La lesión que cambia el prisma
Tras el choque, Koeman añadió una pieza importante al puzle. Reveló que Van Dijk arrastraba problemas en el gemelo y que la dolencia “le molestaba mucho” en el tramo final. Pese a ello, el capitán decidió seguir en el campo y disputar también la prórroga, apurando sus fuerzas en busca de unas semifinales que nunca llegaron.
Ese matiz no borra el error, pero sí ayuda a entenderlo. Un central obligado a cubrir grandes espacios en un partido de máxima exigencia, con la musculatura al límite, pierde un segundo de reacción, un metro en la carrera, la finura en el giro. A ese nivel, basta un detalle para que un centro lateral se convierta en condena.
Van Dijk pudo pedir el cambio. Eligió no hacerlo. Prefirió aguantar con dolor y liderazgo, asumiendo el riesgo de quedar expuesto. Esa decisión, que hoy alimenta las críticas, también habla de compromiso y de la carga que supone llevar el brazalete de una selección que no perdona los tropiezos.
Un legado bajo examen
El capitán lleva más de una década instalado en la élite europea. Ha levantado títulos, ha sido referencia en Liverpool y bandera de una defensa que devolvió competitividad a Países Bajos tras años de dudas. Una noche aciaga no borra todo eso, pero sí reabre un debate que en el país nunca termina: qué debe ser un líder de la Oranje y cuánto margen se le concede cuando falla.

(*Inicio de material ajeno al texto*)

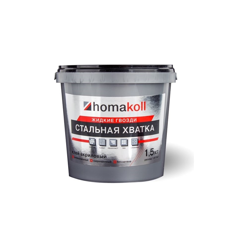 Клей Homakoll жидкие гвозди "Стальная Хватка" 1,5 кг 351581 используют внутри и снаружи помещений при ремонтно-монтажных работах. Высококачественный акриловый состав подходит для склеивания и монтажа большинства строительных, отделочных и декоративных материалов: кафельная плитка, натуральный камень, ПВХ-панели, пробка, стекло, пенополистирол, паркет, МДФ, дерево. Продукт предназначен только для впитывающих оснований: бетон, цементные и гипсовые штукатурки, влагостойкая фанера, древесина, гипсокартон, ДСтП, ЦСП, кирпич. Внимание! Избегать длительного воздействия воды на клеевой шов. Не подходит для полиэтилена, полипропилена, тефлона и т.п.
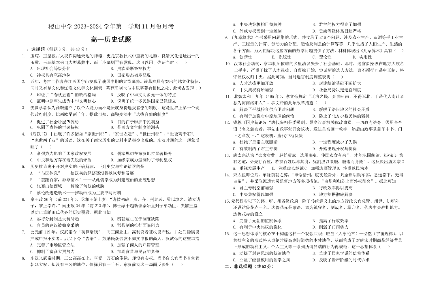 山西省运城市稷山县稷山中学2023-2024学年高一上学期11月月考历史
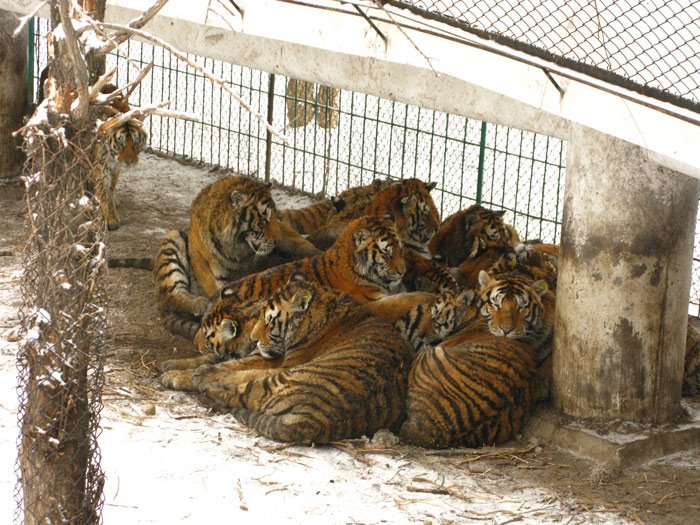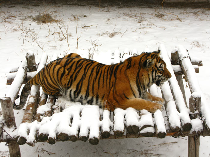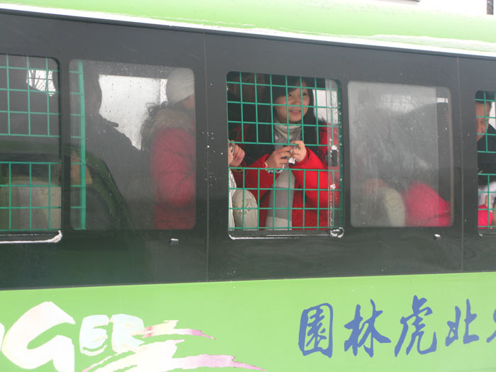 I went over and sat down and told him we wanted to go to the Siberian Tiger Park, a refuge and home to a rescue program for the Manchurian strain of the Bengal Tiger, whatever the heck that might be. He nodded his understanding and motioned me to join him at the desk. He said something to the desk clerk who translated to the effect of “You have 14 tourist points, do you want to see the Dragon Tower?” Interestingly, Dragon Tower was one of the places I had asked about yesterday and he had feigned ignorance at the time, so either he had done some research or he had overcome whatever agenda he’d been previously working to. I told the girl we would like to see the tigers and if we had time we would like to go to the tower. He met this suggestion with a furious waving of hands and arms that I think meant “The tigers are on that side of town and the tower is on the other and no way am I driving to both.” He had a point, it had snowed overnight and the roads were in a far less than ideal condition. I decided we would see the tigers and head to the airport. One of my companions overheard me and made a face; it seemed they didn’t really like airport food and they wanted to go through yet another round of “find the restaurant” when we were done with the cats. I suggested that they take over if their Chinese was superior to mine knowing that this suggestion usually shuts people right down – they don’t want to lead but they do want to reserve the right to complain about the decisions that get made on their behalf. Right about then I realized that group junkets were a thing of the past from this point forward.

Las grandes figuras siempre pagan un peaje extra. El capitán carga con la eliminación, con la decepción popular y ahora también con la etiqueta de “culpable” que algunos intentan fijar en su espalda. Driessen ha puesto palabras a un sentimiento de rabia que atraviesa a parte de la afición, pero está por ver si su veredicto extremo representa al conjunto del fútbol neerlandés o solo a su sector más impaciente.
Lo que viene ahora será decisivo. Tras un Mundial emocionalmente devastador, Van Dijk afronta un periodo en el que el descanso y la recuperación serán tan importantes como cualquier sesión táctica. Necesita limpiar la cabeza, recuperar la pierna y volver a su club con la frescura que le hizo dominante.
En paralelo, la federación tendrá que dibujar el nuevo ciclo de la selección, con preguntas inevitables: qué sistema, qué jerarquías, qué papel para un capitán al que algunos ya quieren jubilar. La respuesta no llegará en una rueda de prensa ni en una columna. Llegará cuando Van Dijk vuelva a vestirse de naranja y el balón, otra vez, dicte sentencia.